Frequentists --.-------- Bayesian

$ICL(\color{green}{\hat{\theta}},z,\color{red}{D_k})$, asymptotic approximation : $$ -2 \ln(p_k(x,\color{purple}{\hat{z}},\color{green}{\hat{\theta}}))+\color{red}{D_k}\ln(\color{blue}{N})$$

$\color{green}{\hat{\theta}}$, paramaters found via EM
$\color{purple}{\hat{z}}$, clustering found via EM
$\color{red}{D_k}$, number of free parameters $(k-1)+k*(V-1)$
$\color{blue}{N}$, sample size
clustering task

$\Rightarrow$ Drawbacks, several run of EM, asymptotic approximation

Mixture of unigrams, estimation

Frequentists --.-------- Bayesian

Slope heuristic : $$ -\ln(p_k(x,\color{green}{\hat{\theta}}))+2\hat{s}\color{red}{D_k}$$
! Non-asymptotic arguments [Baudry & al 2010]
data-driven penalty

$\Rightarrow$ Drawbacks, several run of EM,

Mixture of unigrams, estimation

Frequentists ----------. Bayesian

Dirichlet are conjugate priors for Multinomials: $$ \begin{eqnarray} \mathbf{\nu}&\sim&\mathcal{D}(\mathbf{\alpha})\\ \mathbf{\mu}_k&\sim&\mathcal{D}(\mathbf{\beta}_k)\\ \end{eqnarray} $$

Prior parameters choices: Jeffrey $\mathbf{\alpha} = (\frac{1}{2},...\frac{1}{2})$ or uniform $\mathbf{\alpha} = (1,...,1)$
Estimation : Gibbs sampling, Collapsed Gibbs sampling
! Mixing, label switching, ...

Mixture of unigrams, estimation

Frequentists ----------. Bayesian

Gibbs sampling [Rigouste & al 2006]

$$\begin{eqnarray} &\sim& Z|\nu, \mu,X\\ &\sim& \nu|Z,X\\ &\sim& \mu|Z,X\\ \end{eqnarray}$$ ! Mixing, label switching, ...

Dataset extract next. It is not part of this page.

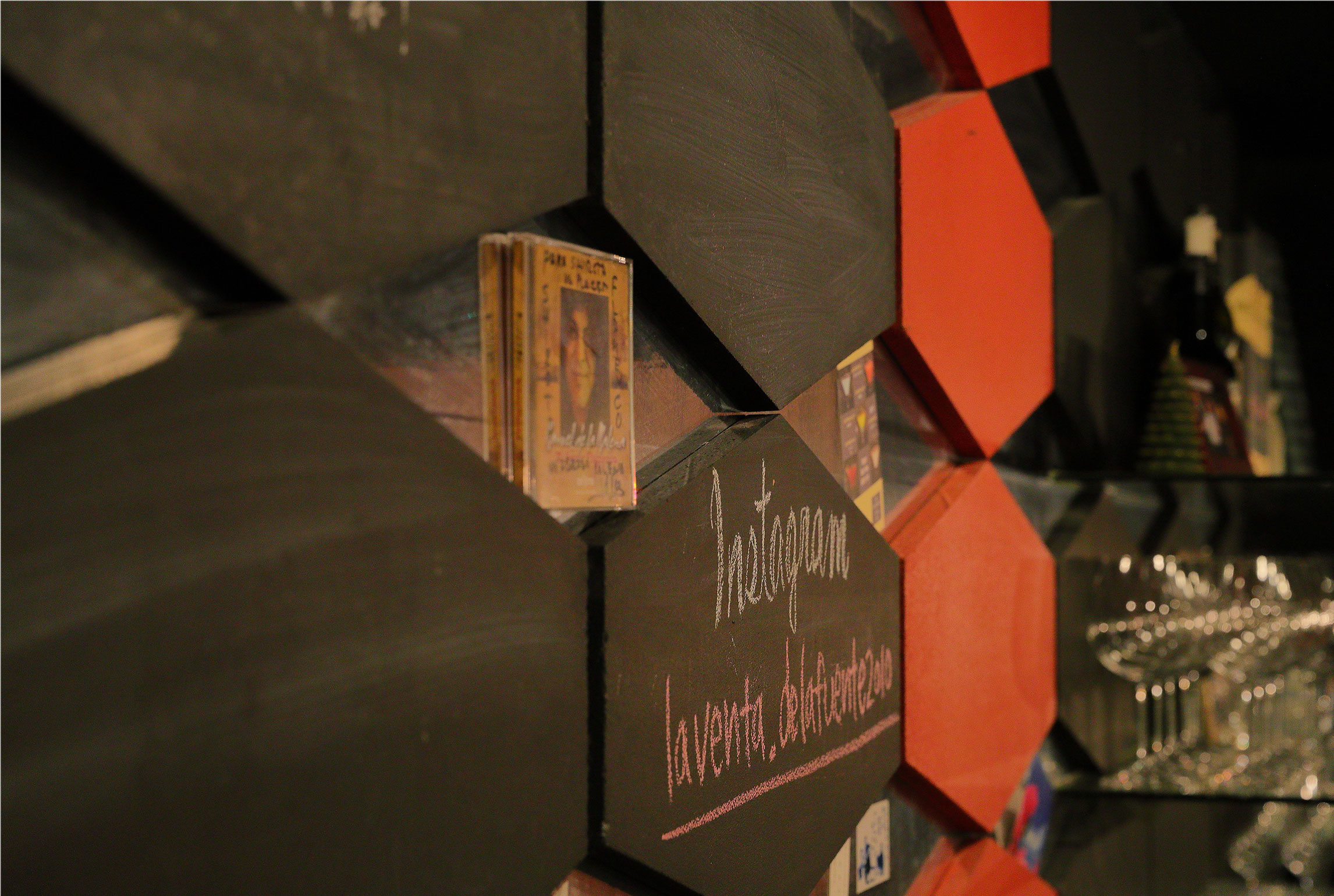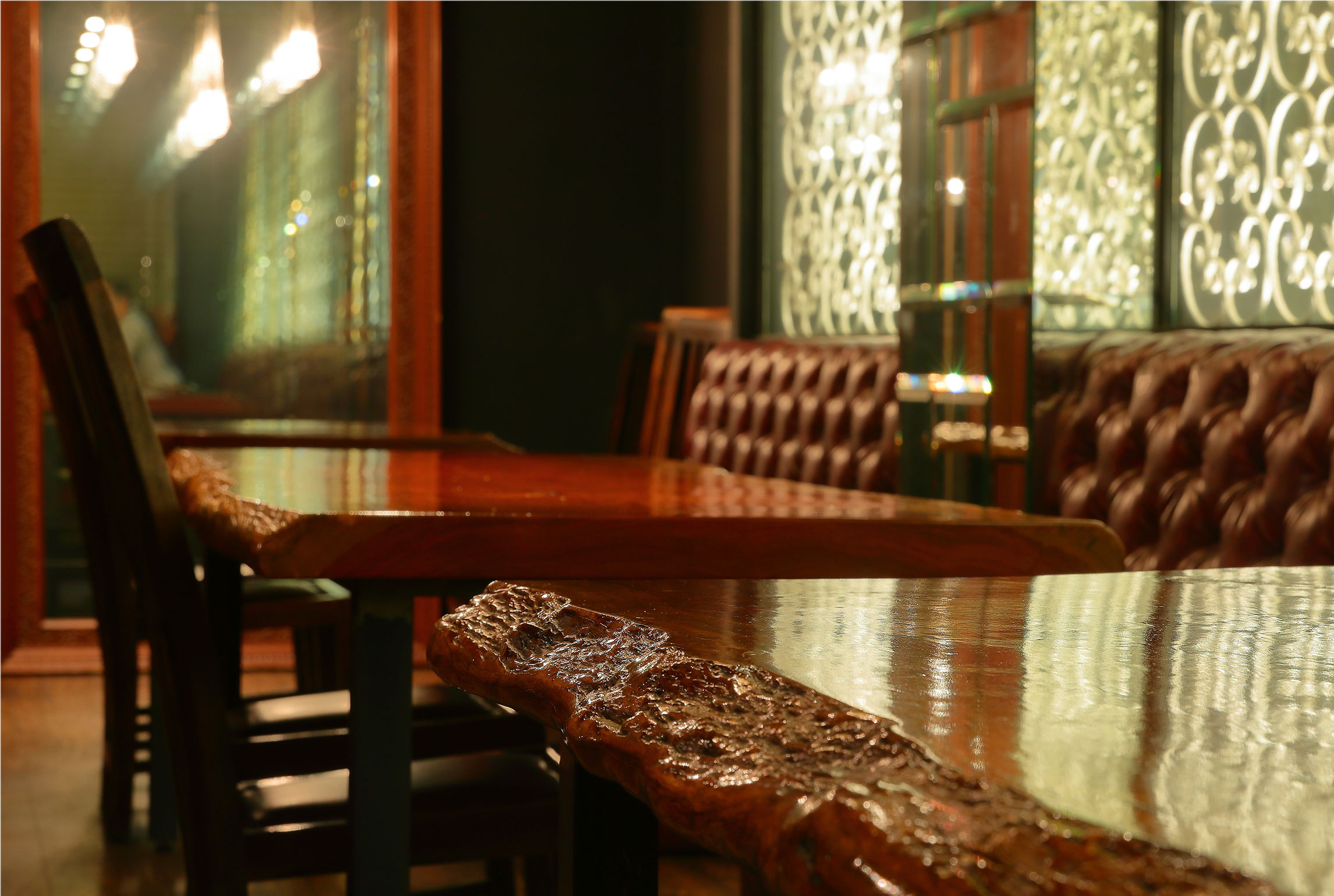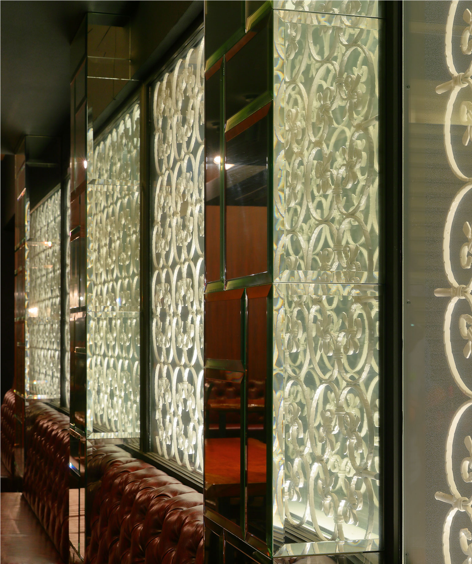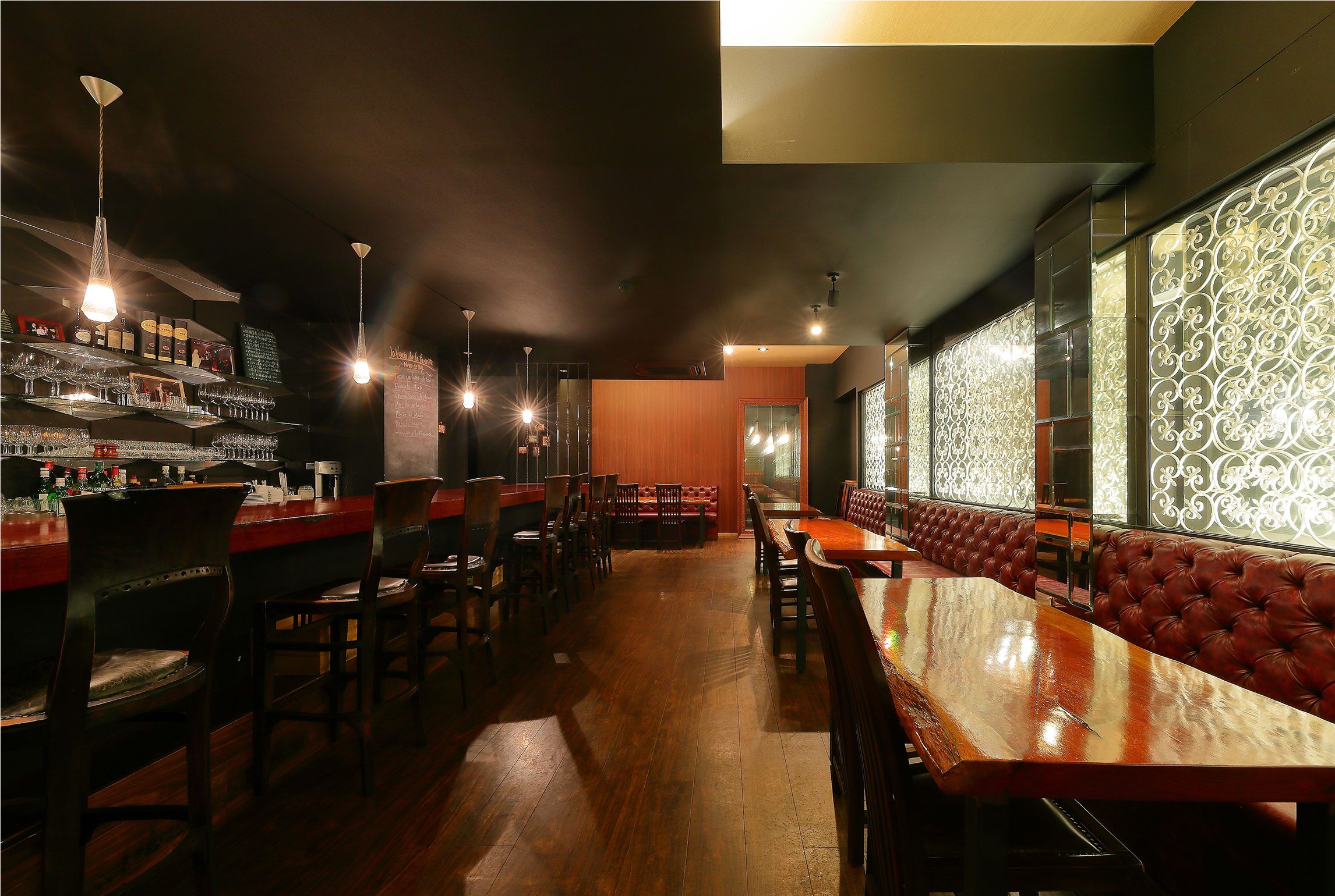 スペイン南部のアンダルシア地方をイメージしたスペインバル。ファサードのサインは、フランメンコのようなラテン気質を店内に入る前から印象付けます。店内でまず目に飛び込むソファーバックのロートアイアンとミラーは、幻想的な輝きを生み出しています。複層ガラスの映り込みを活かしたコルトンボックスは、ロウソクのような灯りで、アンティークな雰囲気を醸し出します。赤と黒のカウンターバックは、スペインらしい色使いで全体を引き締めています。

Mixture of unigrams, estimation

Frequentists ----------. Bayesian

Collapsed Gibbs sampling [Rigouste & al 2006]

$$\begin{eqnarray} &\sim& Z|X\\ \end{eqnarray}$$ ! Mixing, label switching, ...

Mixture of unigrams, estimation

Frequentists --------.-- Bayesian, ICL [Biernacki & al 2012]

Exact ICL : $$ p(\mathbf{x},\mathbf{z})=\int_{\mathbf{\Theta}}p(x,z;\mathbf{\theta})p(\theta)d\theta $$ same roots, as collapsed Gibbs, exact integration with conjugate priors.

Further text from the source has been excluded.